L. Gavrich, http://www.GolfCommunityReviews.com
Posted By: borrowerhotline @ 05/08/2008 4:17:40 AM
Comment: The bottom however should be fairly easy to gauge. Here is a formula. Wall Street fund managers chasing a 50 unit apartment building can???t find anything over a 6.25 cap rate. They reconsider a 300 units SFR package acquisition (adjusted for price per apt vs SFR units) deal with similar construction al within a 5 mile radius. The effective or weighted cost to acquire the homes works out to be a 11.5 capitalization rate or nearly double the apt units. Will the average Je Lunch Bucket use a capitalization rate and 300 unit models to gauge when the guessing valuations will hit bottom and rebound? No! of course not.
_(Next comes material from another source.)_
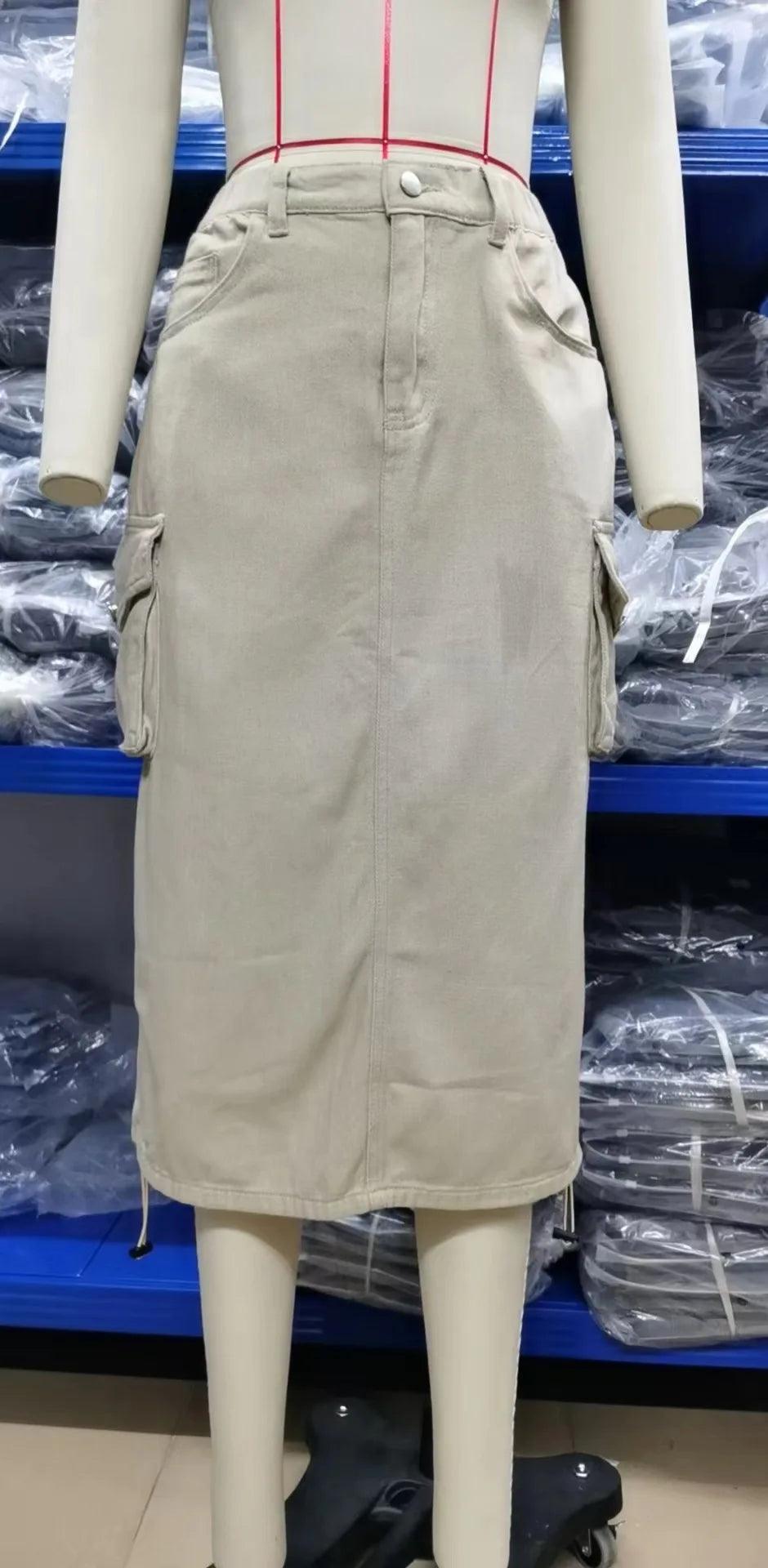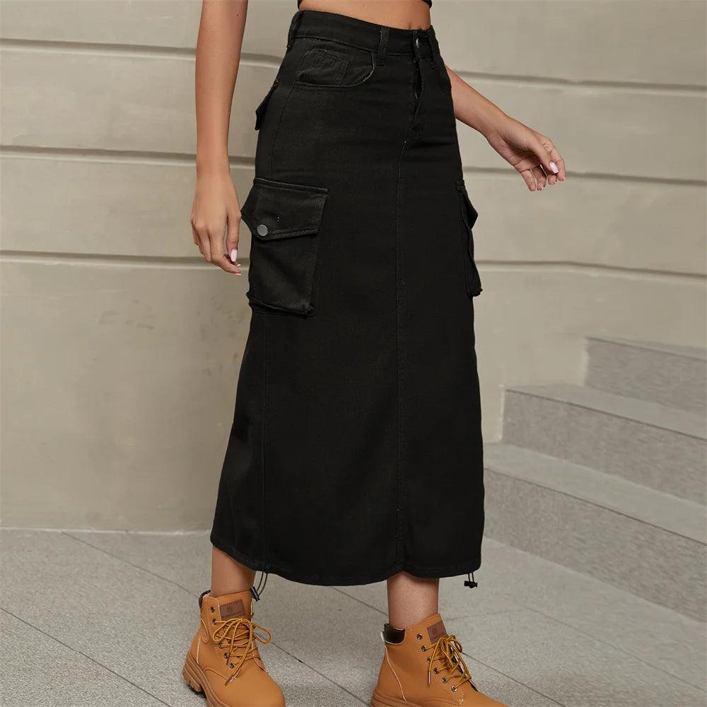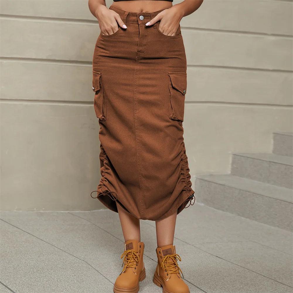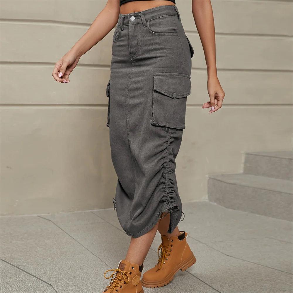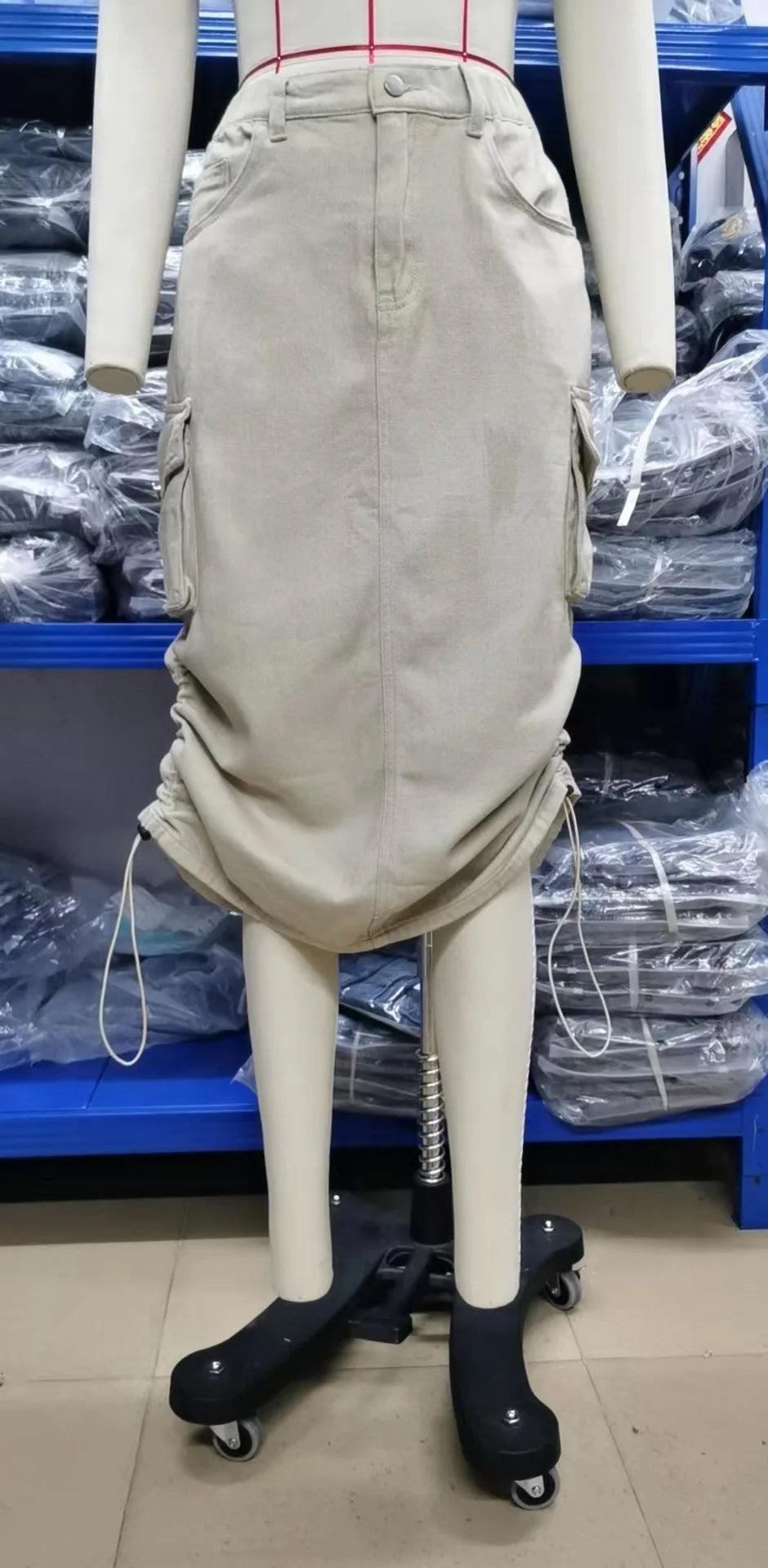 Drawstring Cargo Jean Skirt Fashion Vintage High Waist Straight Long Denim Skirts

However, here are the key folks (http://www.360yahoo.com./borrowerhotline.com.
The average Joe will see values drop to a point that a home will near break even commensurate with rents for the area. If rents cover the total mortgage payment with little down (say 15%: 85% Loan to value) anyone with some cash will buy all they can . Leverage, break even cash flow, rental income e and the confidence of owning good old American owned single family Real Estate....Did I say confidence and RE (housing) in the same breadth...? The guess is at what premium over the rental will the market come back as there always is a premium between the bottom and what other s are will to jump in at on a more speculative level and investment view. Maher Soliman msoliman@borrowerhotline.com Stamp out predatory lending and Fight Foreclosures NEWSWEEK AND DANIEL ARE NUMBER 1 OVER THE USA http://www.borrowerhotline.com
Posted By: Coton @ 05/07/2008 10:22:27 PM
Comment: He would be the last person I would listen to.